Ade Malsasa Akbar contact
Senior author, Open Source enthusiast.
Sunday, January 31, 2016 at 12:30

This guide shows instuctions about converting PDF into TXT with pdftotext utility. pdftotext is already built-in in Ubuntu along with poppler-utils package. Thanks to Poppler Project and Glyph & Cog for providing this utility.

Converting As Is


pdftotext <pdf_file_name> <txt_file_name>
Explanation: this command line will convert whole pages of pdf_file_name into a single file txt_file_name.

Converting with Following Original Text Layout


pdftotext -layout <pdf_file_name> <txt_file_name>
Explanation: this command line with -layout option will force txt_file_name to have same text layout with the original pdf layout.

Converting PDF to HTML


pdftotext -htmlmeta <pdf_file_name> <html_file_name>
Explanation: this command line will convert pdf_file_name into a HTML file.

Converting Only Particular Pages


pdftotext -f <number> -l <number> <pdf_file_name> <txt_file_name>
Explanation: this command line will specify first page number (-f) and the last (-l) to convert.

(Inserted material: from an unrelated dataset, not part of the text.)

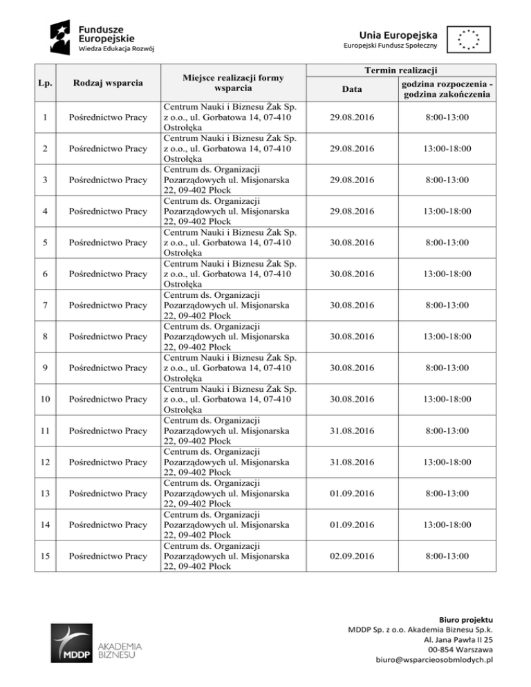Lp. Rodzaj wsparcia 1 Pośrednictwo Pracy 2 Pośrednictwo Pracy 3 Pośrednictwo Pracy 4 Pośrednictwo Pracy 5 Pośrednictwo Pracy 6 Pośrednictwo Pracy 7 Pośrednictwo Pracy 8 Pośrednictwo Pracy 9 Pośrednictwo Pracy 10 Pośrednictwo Pracy 11 Pośrednictwo Pracy 12 Pośrednictwo Pracy 13 Pośrednictwo Pracy 14 Pośrednictwo Pracy 15 Pośrednictwo Pracy Miejsce realizacji formy wsparcia Centrum Nauki i Biznesu Żak Sp. z o.o., ul. Gorbatowa 14, 07-410 07 Ostrołęka Centrum Nauki i Biznesu Żak Sp. z o.o., ul. Gorbatowa 14, 07-410 07 Ostrołęka Centrum ds. Organizacji Pozarzą Pozarządowych ul. Misjonarska 22, 09-402 402 Płock Centrum ds. Organizacji Pozarzą Pozarządowych ul. Misjonarska 22, 09-402 402 Płock Centrum Nauki i Biznesu Żak Sp. z o.o., ul. Gorbatowa 14, 07-410 07 Ostrołęka Centrum Nauki i Biznesu Żak Sp. z o.o., ul. Gorbatowa 14, 07-410 07 Ostrołęka Centrum ds. Organizacji Pozarzą Pozarządowych ul. Misjonarska 22, 09-402 402 Płock Centrum ds. Organizacji Pozarzą Pozarządowych ul. Misjonarska 22, 09-402 402 Płock Centrum Nauki i Biznesu Żak Sp. z o.o., ul. Gorbatowa 14, 07-410 07 Ostrołęka Centrum Nauki i Biznesu Żak Sp. z o.o., ul. Gorbatowa 14, 07-410 07 Ostrołęka Centrum ds. Organizacji Pozarzą Pozarządowych ul. Misjonarska 22, 09-402 402 Płock Centrum ds. Organizacji Pozarzą Pozarządowych ul. Misjonarska 22, 09-402 402 Płock Centrum ds. Organizacji Pozarzą Pozarządowych ul. Misjonarska 22, 09-402 402 Płock Centrum ds. Organizacji Pozarzą Pozarządowych ul. Misjonarska 22, 09-402 402 Płock Centrum ds. Organizacji Pozarzą Pozarządowych ul. Misjonarska 22, 09-402 402 Płock Termin realizacji Data godzina rozpoczenia godzina zakończenia 29.08.2016 8:00-13:00 29.08.2016 13:00-18:00 29.08.2016 8:00-13:00 29.08.2016 13:00-18:00 30.08.2016 8:00-13:00 30.08.2016 13:00-18:00 30.08.2016 8:00-13:00 30.08.2016 13:00-18:00 30.08.2016 8:00-13:00 30.08.2016 13:00-18:00 31.08.2016 8:00-13:00 31.08.2016 13:00-18:00 01.09.2016 8:00-13:00 01.09.2016 13:00-18:00 02.09.2016 8:00-13:00 Biuro projektu MDDP Sp. z o.o. Akademia Biznesu Sp.k. Sp.k Al. Jana Pawła II 25 00-854 Warszawa [email protected] 16 Pośrednictwo Pracy 17 Pośrednictwo Pracy 18 Pośrednictwo Pracy 19 Pośrednictwo Pracy 20 Pośrednictwo Pracy 21 Pośrednictwo Pracy 22 Pośrednictwo Pracy 23 Pośrednictwo Pracy 24 Pośrednictwo Pracy 25 Pośrednictwo Pracy 26 Pośrednictwo Pracy 27 Pośrednictwo Pracy 28 Pośrednictwo Pracy 29 Pośrednictwo Pracy 30 Pośrednictwo Pracy 31 Pośrednictwo Pracy 32 Pośrednictwo Pracy 33 Pośrednictwo Pracy 34 Pośrednictwo Pracy 35 Pośrednictwo Pracy 36 Pośrednictwo Pracy 37 Pośrednictwo Pracy Centrum ds. Organizacji Pozarzą Pozarządowych ul. Misjonarska 22, 09-402 402 Płock Młodzież Młodzieżowe Centrum Kariery, ul.Kościuszki ściuszki 39 , 26-700 26 Zwoleń Młodzież Młodzieżowe Centrum Kariery, ul.Kościuszki ściuszki 39 , 26-700 26 Zwoleń Młodzież Młodzieżowe Centrum Kariery, ul.Kościuszki ściuszki 39 , 26-700 26 Zwoleń Młodzież Młodzieżowe Centrum Kariery, ul.Kościuszki ściuszki 39 , 26-700 26 Zwoleń Młodzież Młodzieżowe Centrum Kariery, ul.Kościuszki ściuszki 39 , 26-700 26 Zwoleń Młodzież Młodzieżowe Centrum Kariery, ul.Kościuszki ściuszki 39 , 26-700 26 Zwoleń Młodzież Młodzieżowe Centrum Kariery, ul.Kościuszki ściuszki 39 , 26-700 26 Zwoleń Młodzież Młodzieżowe Centrum Kariery, ul.Kościuszki ściuszki 39 , 26-700 26 Zwoleń Młodzież Młodzieżowe Centrum Kariery, ul.Kościuszki ściuszki 39 , 26-700 26 Zwoleń Młodzież Młodzieżowe Centrum Kariery, ul.Kościuszki ściuszki 39 , 26-700 26 Zwoleń Młodzież Młodzieżowe Centrum Kariery, ul.Kościuszki ściuszki 39 , 26-700 26 Zwoleń Młodzież Młodzieżowe Centrum Kariery, ul.Kościuszki ściuszki 39 , 26-700 26 Zwoleń Młodzież Młodzieżowe Centrum Kariery, ul.Kościuszki ściuszki 39 , 26-700 26 Zwoleń Młodzież Młodzieżowe Centrum Kariery, ul.Kościuszki ściuszki 39 , 26-700 26 Zwoleń ul. Jana Kazimierza 21/31, 01-248 01 Warszawa ul. Jana Kazimierza 21/31, 01-248 01 Warszawa Ul. Nowolipki 9B, 00-151 00 Warszawa ul. Jana Kazimierza 21/31, 01-248 01 Warszawa ul. Jana Kazimierza 21/31, 01-248 01 Warszawa ul. Jana Kazimierza 21/31, 01-248 01 Warszawa ul. Jana Kazimierza 21/31, 01-248 01 Warszawa 02.09.2016 13:00-18:00 29.08.2016 8:00-13:00 29.08.2016 13:00-18:00 30.08.2016 8:00-13:00 30.08.2016 13:00-18:00 31.08.2016 8:00-13:00 31.08.2016 13:00-18:00 01.09.2016 8:00-13:00 01.09.2016 8:00-13:00 01.09.2016 13:00-18:00 02.09.2016 8:00-13:00 02.09.2016 13:00-18:00 05.09.2016 8:00-13:00 05.09.2016 13:00-18:00 06.09.2016 8:00-13:00 30.08.2016 8:00-13:00 30.08.2016 13:00-18:00 31.08.2016 8:00-13:00 01.09.2016 8:00-13:00 01.09.2016 13:00-18:00 02.09.2016 8:00-13:00 02.09.2016 13:00-18:00 Biuro projektu MDDP Sp. z o.o. Akademia Biznesu Sp.k. Sp.k Al. Jana Pawła II 25 00-854 Warszawa [email protected] 38 Pośrednictwo Pracy 39 Pośrednictwo Pracy 40 Pośrednictwo Pracy 41 Pośrednictwo Pracy 42 Pośrednictwo Pracy 43 Pośrednictwo Pracy 44 Pośrednictwo Pracy 45 Pośrednictwo Pracy 46 Pośrednictwo Pracy 47 Pośrednictwo Pracy 48 Pośrednictwo Pracy ul. Jana Kazimierza 21/31, 01-248 01 Warszawa ul. Jana Kazimierza 21/31, 01-248 01 Warszawa ul. Jana Kazimierza 21/31, 01-248 Warszawa ul. Jana Kazimierza 21/31, 01-248 01 Warszawa Młodzież Młodzieżowe Centrum Kariery, ul.Kościuszki ściuszki 39 , 26-700 26 Zwoleń Młodzież Młodzieżowe Centrum Kariery, ul.Kościuszki ściuszki 39 , 26-700 26 Zwoleń Młodzież Młodzieżowe Centrum Kariery, ul.Kościuszki ściuszki 39 , 26-700 26 Zwoleń ul. Jana Kazimierza 21/31, 01-248 01 Warszawa ul. Jana Kazimierza 21/31, 01-248 01 Warszawa Centrum Nauki i Biznesu Żak Sp. z o.o., ul. Gorbatowa 14, 07-410 07 Ostrołęka Centrum Nauki i Biznesu Żak Sp. z o.o., ul. Gorbatowa 14, 07-410 07 Ostrołęka 05.09.2016 8:00-13:00 05.09.2016 13:00-18:00 06.09.2016 8:00-13:00 06.09.2016 13:00-18:00 06.09.2016 1

Adjust End Of Line for Another OS Purpose


pdftotext -eol dos <pdf_file_name> <txt_file_name>
pdftotext -eol unix <pdf_file_name> <txt_file_name>
pdftotext -eol mac <pdf_file_name> <txt_file_name>
Explanation: the first command line is suitable if you want to read the TXT in Windows. The second is suitable in GNU/Linux and another UNIX family. The third is suitable for Mac OS.